Anfernee Pollard’s death adds another layer of heartbreak. GoFundMe pages set up in the wake of the tragedy describe him as “the kind of man who always stood as a protector and safe space for the people he loved.” He stepped into a dangerous situation not out of obligation but out of genuine care, only to lose his life alongside the woman he was trying to shield. His presence underscores a grim reality: even well-intentioned guardians can become victims when violence escalates unchecked.

The ripple effects extend far beyond the crime scene. Briana’s seven-year-old son now faces a future without his mother, thrust into grief at an age when most children are just beginning to understand the world. A fundraiser established to support his education and future needs has already raised more than $11,500, a testament to the community’s outpouring of compassion. Yet money cannot replace the loss of a parent or erase the trauma of that morning’s discovery. The boy’s godmother and other relatives are stepping in, but the emotional scars will linger for years.

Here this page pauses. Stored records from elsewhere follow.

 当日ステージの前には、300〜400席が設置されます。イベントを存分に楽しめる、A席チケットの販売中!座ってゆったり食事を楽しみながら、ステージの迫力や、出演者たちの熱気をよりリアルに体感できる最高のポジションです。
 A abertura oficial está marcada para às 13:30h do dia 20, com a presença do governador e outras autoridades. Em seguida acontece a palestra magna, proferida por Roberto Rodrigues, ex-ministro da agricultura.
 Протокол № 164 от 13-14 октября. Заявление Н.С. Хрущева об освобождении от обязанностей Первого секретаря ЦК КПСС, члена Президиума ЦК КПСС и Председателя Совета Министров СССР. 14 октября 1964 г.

Briana herself carried additional burdens. After her own mother’s death, she had taken custody of her younger sisters, assuming responsibility for their care in addition to raising her son. In an instant, those children lost not only their sister but the stability she provided. The family’s grief compounds with every retelling of the story, each detail amplifying the sense of preventable tragedy.
Las Vegas, a city accustomed to headlines of violence tied to its nightlife and tourism, has been forced to confront a more intimate, domestic form of horror. Domestic violence advocates point to this case as emblematic of broader systemic issues: under-resourced victim services, delays in processing restraining orders, and the difficulty of protecting someone from a determined abuser who knows their routines and vulnerabilities. Stalking, in particular, often escalates gradually—phone calls, unwanted appearances, surveillance—until it erupts into lethal violence. Briana’s reports of being watched through her window fit a classic pattern that experts say demands immediate, decisive action.

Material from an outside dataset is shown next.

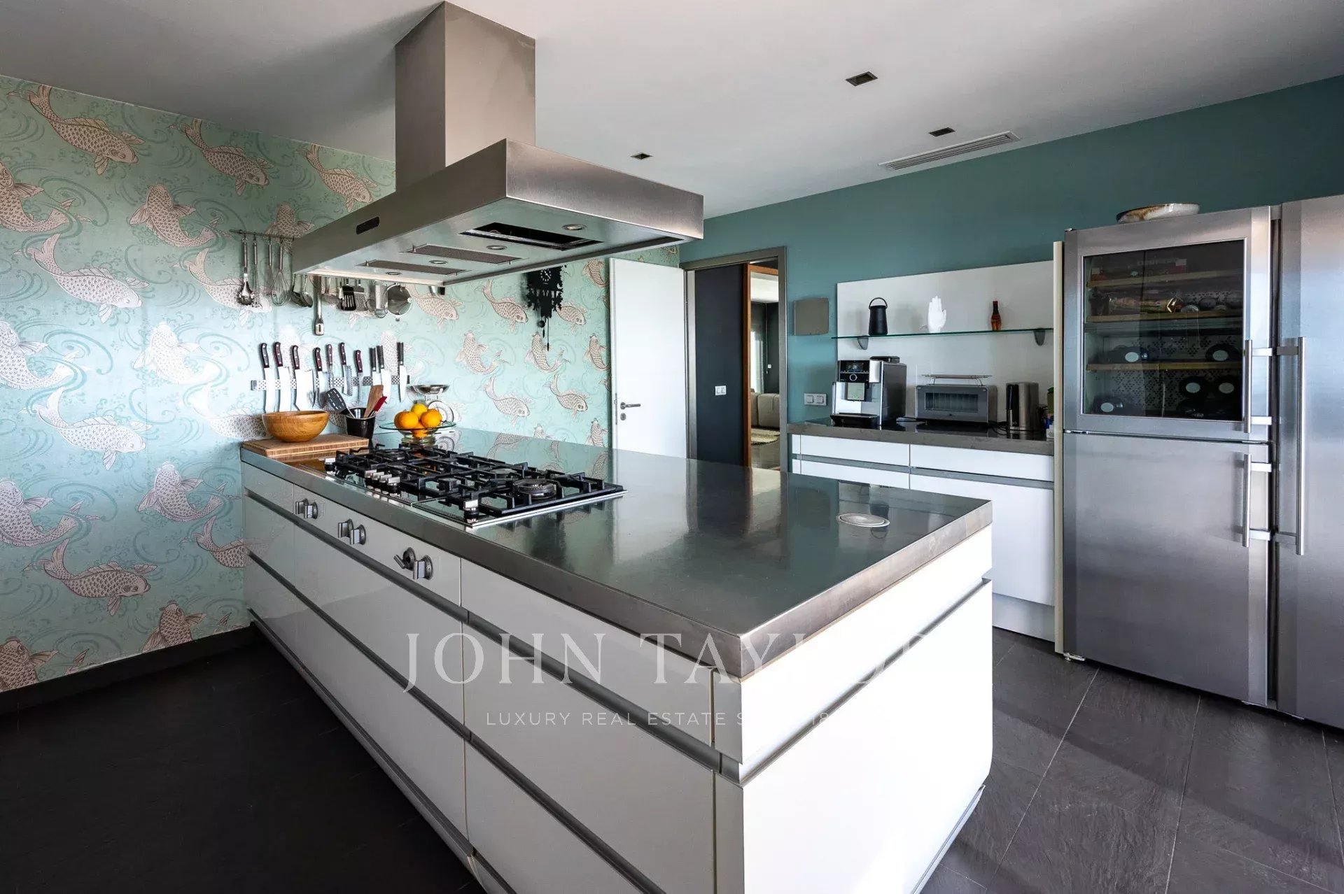 Récemment rénovée, la villa de 346 m² allie intérieurs élégants et vastes espaces extérieurs, conçus pour profiter pleinement de la lumière et du climat de Majorque. Le niveau principal comprend un salon lumineux avec cheminée, une suite parentale avec dressing et vue sur la mer, ainsi qu’une cuisine entièrement équipée — toutes les pièces ouvrant sur les terrasses.

As investigators continue their work, questions swirl. Was there forced entry, or did the killer have access? Did surveillance capture anything useful? Could forensic evidence—ballistics, fingerprints, DNA—lead to an arrest? The absence of a named suspect keeps the community on edge, wondering if the perpetrator remains free, perhaps watching from the shadows as police close in.
For now, the home in southwest Las Vegas stands silent, cordoned off as a crime scene while detectives piece together the final hours of two lives cut short. Briana Flowers sought safety and found only danger. Anfernee Pollard offered protection and paid the ultimate price. And a seven-year-old boy, whose innocent 911 call captured the world’s attention, must somehow navigate a future forever altered by the sound of gunshots in the night.

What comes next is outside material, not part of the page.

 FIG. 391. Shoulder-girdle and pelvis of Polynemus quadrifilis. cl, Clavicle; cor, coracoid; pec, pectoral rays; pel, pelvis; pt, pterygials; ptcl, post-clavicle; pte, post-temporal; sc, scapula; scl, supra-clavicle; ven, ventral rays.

The tragedy serves as a stark reminder that stalking and domestic violence are not private matters—they are public safety crises that demand vigilance from law enforcement, communities, and friends. Until systems catch up to the reality of escalating threats, stories like this will continue to unfold, leaving families shattered and questions unanswered.
In the desert heat of Las Vegas, where bright lights often mask dark realities, the loss of Briana and Anfernee stands as a somber warning: fear ignored can turn fatal, and protection offered too late can cost everything.